My mother ate with her hands. She devoured Shorshe ilish: fish doused in mustard oil and turmeric, the mustard sharp in the nose, the taste bitter and salty, spicy from green chilies, the oil of the fish skin flavoring the curried mix, her fingers stained yellow from turmeric. She was always mixing the white ilish mach into its surrounding juices, smashing it into Basmati rice. Small balls of food, perfectly round. She’d place each one rabidly in her mouth.
White people didn’t eat like her. They ate with a fork and knife. Sometimes a spoon. It isn’t as if my mother never used these tools, she did. After all, she was a cosmopolitan subject, a transnational one, a Bangali from Calcutta, traveling around the world before it was easy, before airports became malls, before travelling became a sport for the privileged, before the western world went searching for itself. But wait, that was colonialism. Forgive me for that historical inaccuracy, sometimes I forget the things I’ve learned.
Simply put: my mother wasn’t primitive. She just reveled in the tactile delight of eating with your hands. It was a cultural choice. She chose her Bengali ethnicity over assimilation into any American norm. It was not the function of some primordial relationship to food. She savored the feeling of food in her hand, not a cold fork whose metal could clang against teeth so hard a searing pain would rise up to the root, sometimes the metal sour, the texture smooth but hard, not like the soft smoothness of fingers.
In Calcutta, I watched as my Dida and Mashi perfected the art of clean eating with hands. They would mix the rice and fish, the white rice preventing the hands from becoming too sloppy, soaking up juices and oils. And when they ate, no food clung to their faces, no mess on their hands—just a bit of spicy residue on their fingertips, easily cleaned off by a quick lick of the tongue.
I practiced this art. Perhaps I wasn’t perfect at it. Maybe I wasn’t the cleanest. I was an American and my time in India fragmented. I was only partially able to mimic the movements my family had mastered. I was hybrid. Everything about me was mixed up.
One day when I was twelve, I went over to a friend’s house for a sleepover. Jessica lived with her mother, her parents divorced. Her house small, a California bungalow in the city of Arcadia that looked as if you could pick it up and place it anywhere, a boxed home with a small fenced in yard.
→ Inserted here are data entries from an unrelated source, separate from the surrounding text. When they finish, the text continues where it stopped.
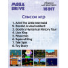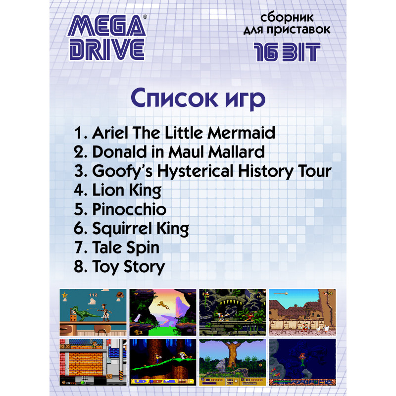 На этом сборнике собраны интересные и увлекательные игры для игровой приставки в формате SEGA 16 bit. Благодаря современным технологиям мы сумели разместить на картридже не одну, а целых 8 игр. Удивительный мир Sega Mega Drive с детально прорисованными, знакомыми вам персонажами из известных фильмов и мультфильмов не дадут вам заскучать! В начале 90х свершился серьёзный прорыв в мире игровых приставок. На смену 8 битным приставкам с огромным отрывом вышла на первое место знаменитая и любимая по сей день консоль – СЕГА МЕГА ДРАЙВ, с совершенно новым игровым контентом и богатым функционалом. Мы постарались, для тех, кто ещё не знаком с чудесным аркадным SEGA-миром и для его ярых поклонников, собрать на сборнике самые лучшие игры. Играйте сами, играйте с детьми и друзьями! На нашем сайте, в игровом разделе вы всегда найдёте подсказки и прохождения той или иной игры.
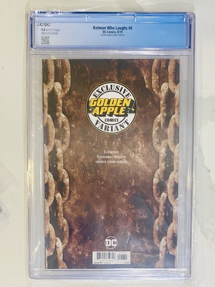 Brand new! See photos for conf and details. The Batman Who Laughs #6 CGC 9.8 Joker Mattina Variant Cover is a highly coveted comic book featuring the characters Batman and the Joker, written by Scott Snyder and with artwork by Francesco Mattina. Published by DC Comics in 2019, this single issue belongs to the DC Universe and is graded at 9.8 Near Mint/Mint by Certified Guaranty Company (CGC). As a variant cover with a colorful style, this comic is a valuable addition to any comic book collector's library, especially for fans of superheroes and the Justice League of America.
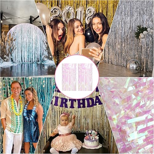 EXIN DEHCEN 2 Pièces Rideau Paillette Decoration Anniversaire, Rideau Metallique A Frange, Rideaux à Franges Brillants Métallique Tinsel pour Décoration Fête, Mariage, Noël Part, Photographie(1 * 2m)
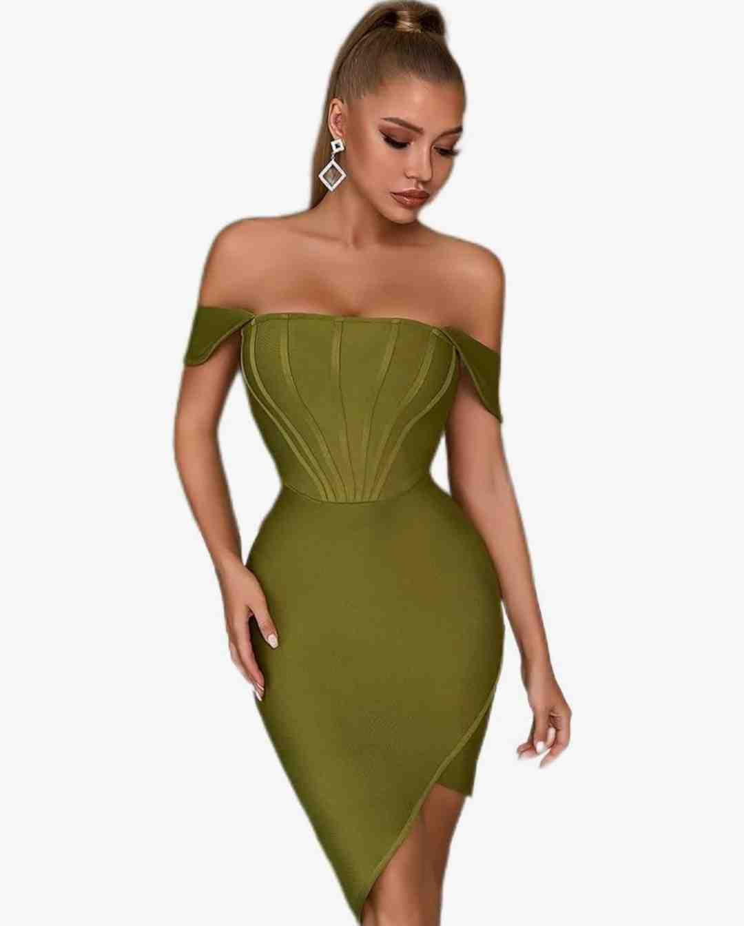 Este elegante vestido ajustado en color verde oliva es perfecto para ocasiones especiales. Su diseño sin tirantes resalta los hombros, mientras que el corte asimétrico en la falda añade un toque moderno. Confeccionado en un tejido elástico que se adapta al cuerpo, ofrece comodidad y estilo. Ideal para eventos nocturnos o cenas formales, este vestido es una opción versátil y sofisticada.

Jessica’s mother made us dinner that night. Beans and a tiny bit of Uncle Ben’s Rice, a small pork chop alongside. Dry meat. The sight of rice made my hands leave the utensils beside the plate. My body’s memory of my mother’s movements made my hands leave my mind, deciding all on their own that they would mix and swirl the rice and beans together. But I didn’t know what do with the pork chop, it didn’t make room for the movements of mixing food with rice. It didn’t break off like a piece of tender Ilish. I picked it up with my hands and took a bite. The food was odorless, no fishy pungent, bitter mustard, or green chilies to clear the sinuses and heat the mouth. The meat was bland but I kept eating everything until it was all gone. I was proud of myself. I had eaten an entire meal that lacked flavor. I was so polite.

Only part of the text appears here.